A first contact story that captures the incomprehensibility of alien intelligence. The book gets an A+ for concept and is just wonderfully strange.

Goodreads link

Hyperion by Dan Simmons

The one science fiction book I'd recommend to a book club, or someone curios about the genre. It has it all: space battles, personal stories, interpersonal drama, mystery and a bunch of imaginative sci-fi concepts. I suggest you skip the squeals. I don't believe that a squeal can take away from the quality of the original, but this example just might make me reconsider.

Goodreads link

Movies & series

I'm a great Start Trek fan, but I'm going to assume you know about that series and have seen enough of it to have made up your mind about it. With that, here are a few lesser known recommendations:

The Man From Earth

No aliens, no space travel, no CGI. Just a classic sci-fi premise and a masterful script woven around it. With a run-time of hour and a half it fits into most dense of schedules.
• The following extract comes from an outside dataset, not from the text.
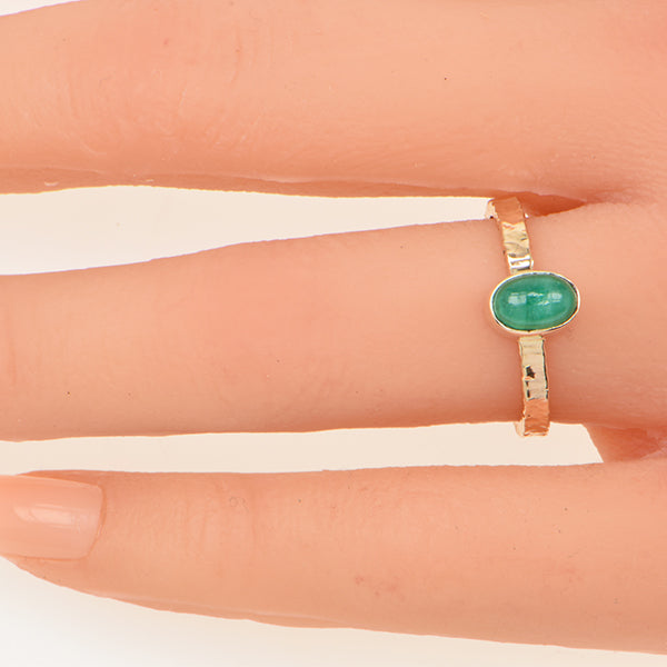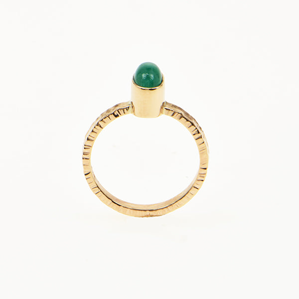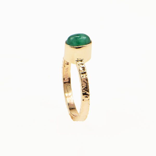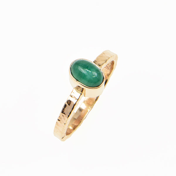 Emerald with a very bright forrest green color. Bezel setting, forged band, hammer textured on three sides.

Treat yourself to it!

IMDb link

Taken

The 2002 mini-series follows a few families through a couple of generations of their interactions with extra terrestrial visitors. Show has 10 episodes covering events starting with 40s and ending in present day. I like it for it's comprehensive overview and different perspectives on alien encounters.

IMDb ink

Starship Troopers

Adaptation of the Robert Heinlein's book of the same title. The movie manages to simultaneously offer blockbuster fun action set pieces and a thoughtful rebuke of the books fascist ideology. It delivers critique of militarism through satire that's fun to watch in its own right.

IMDb link

Youtube channels

It's hard for me to judge the renown of certain YouTube creators, so I'll try to list some of them that I enjoy but I think might be overlooked.

CGP Grey

Interesting, highly informative and whimsically written essays on variety of topics. The amount of research that goes into videos is on professional level.

YouTube channel

SFF180 by Thomas Wagner

Features SF and fantasy book reviews and coverage. My little window into a broader BookTube community. There are other similar channels, but I find Thomas' taste relatable, his opinions informative and his voice pleasant to listen to.

YouTube channel

Companion website

Artifexian by Edgar Grunewald

Channel dedicated to construction of fictional worlds and languages. You can find detailed, science backed instructions for anything from designing a star system, to tectonics, calendars, number systems and, of course, languages.

YouTube channel

Errant Signal by Chris Franklin

Thoughtful essays on video games. Author approaches them as art form and offers mature critique.